Буревой быстро зашагал, понукая лошадей, неохотно шедших в темноту. Пройдя около сотни шагов, он огляделся, прыгнул в седло и зарысил в какую-то кривую и узкую уличку.

— Надо тикать, — бормотал он, — Москву все едино не привезешь, а конишка лишний в хозяйстве не замешает.

 

ГЛАВА VII

Буревой добирался к Жилейской Адыгеей и Закубаньем. Через степную полосу путь был ближе, но Буревой боялся попасть в руки донцов, которыми загарнизо-нили линейные станицы, лежавшие на главных тыловых коммуникациях. Слух об операции Врангеля — Покровского долетел до фронта. В станицы начали уходить казаки из фронтовых корпусов, действовавших на Украине и Волге. Командование Добровольческой армии боялось восстаний в тылу и, используя давнишнюю рознь между донцами и кубанцами, оттягивало на Кубань потрепанные в боях донские части, якобы для переформирования и отдыха.

Измотав лошадей по бездорожью, Буревой к вечеру на шестые сутки попал в Гунибовскую.
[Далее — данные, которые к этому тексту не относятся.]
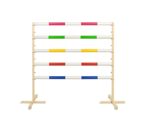 Horse hobby is an increasingly popular sport. With this activity, you will stimulate your child’s creativity by setting obstacles at different levels and configurations. Hobby Horse fun has a positive effect on baby’s development, encourages physical activity. The child will run and jump more, which will have a positive effect on their proper development. The obstacle is ideal as an accessory for playing with a horse on a stick. It can be used both in confined room and in open space. Great for playing under the pole – not just for children at family parties. The obstacle can also be used for playing with the dog – it will improve its condition! The obstacle is durable and safe, made of perfectly sanded pine wood, so that your child will not hurt himself when jumping or moving the stand. It has sturdy feet to stand securely. The rods are plastic, lightweight, available in several colours. The obstacle pole can be adjusted to a height of 40 cm to 120 cm, depending on the child’s height and motor capabilities. The crossbar is designed to fall off when you pull your leg. It is not possible for Baby to fall over when jumping.

Впервые за неделю стянув заношенное обмундирование и разувшись, беседовал с хозяином:

— Вот еду до дому, — говорил Буревой, — и по всем правилам радоваться должен, а сосет под ложечкой. Иду на станицу, как абрек в набег, лесами, балками, щелями. С двух сторон мне опасно: от зеленых — как белый, а от белых — как дезертир. Как дотянул до села Царского Дара, решил было оружие кинуть к чертовой матери, седло утопить, запрячь коней в какие-нибудь дроги и причумаковать до Жилейской. Подумал-подумал и от стыда не решился. Не было такого случая еще в станице, чтобы казак с войны в таком виде возвертался. До десятого поколения срам… А тут еще эта англи-чанская форма, ядри ее на качан. Погляжу-погляжу на себя, противно. В черкеску бы переодеться аль в бешмет. Нету: бросил боевой вьюк в станице Пашковской, на учебной седловке дотянул.

— На учебной легче, — утешил хозяин.

— Без штанов и того легче, а никто без них не ходит. Так, говоришь, Жилейскую Батурин держит?

— Держит. Спутался с городовиками, со всякой босотой. Им терять нечего, абы с кем-нибудь драться, смутьянить. А что толку? Выбьют их как пить дать, а станицу спалят. Эта самая «чига гостропузая», что Батурин поднял, опять в леса уйдет, а люди отвечай за них. Стоит ли тебе возвращаться? Как у тебя с Батуриным?

— Ни то ни се. Когда-сь дружили, как-никак, однополчане и одной с ним присяги, после поцарапались, потом разбеглись. Думается, не станет мне Павло худое делать. А там — кто его знает. На всякий случай оставлю я у тебя генеральского дареного конька. Останусь цел — сам за ним вернусь, хороший магарыч поставлю. Убьют — отцу моему отведешь. А сейчас приводить коня в станицу несподручно. Гурдай вроде на восстание выезжает, займет станицу, не отговоришься. Только куда заховать?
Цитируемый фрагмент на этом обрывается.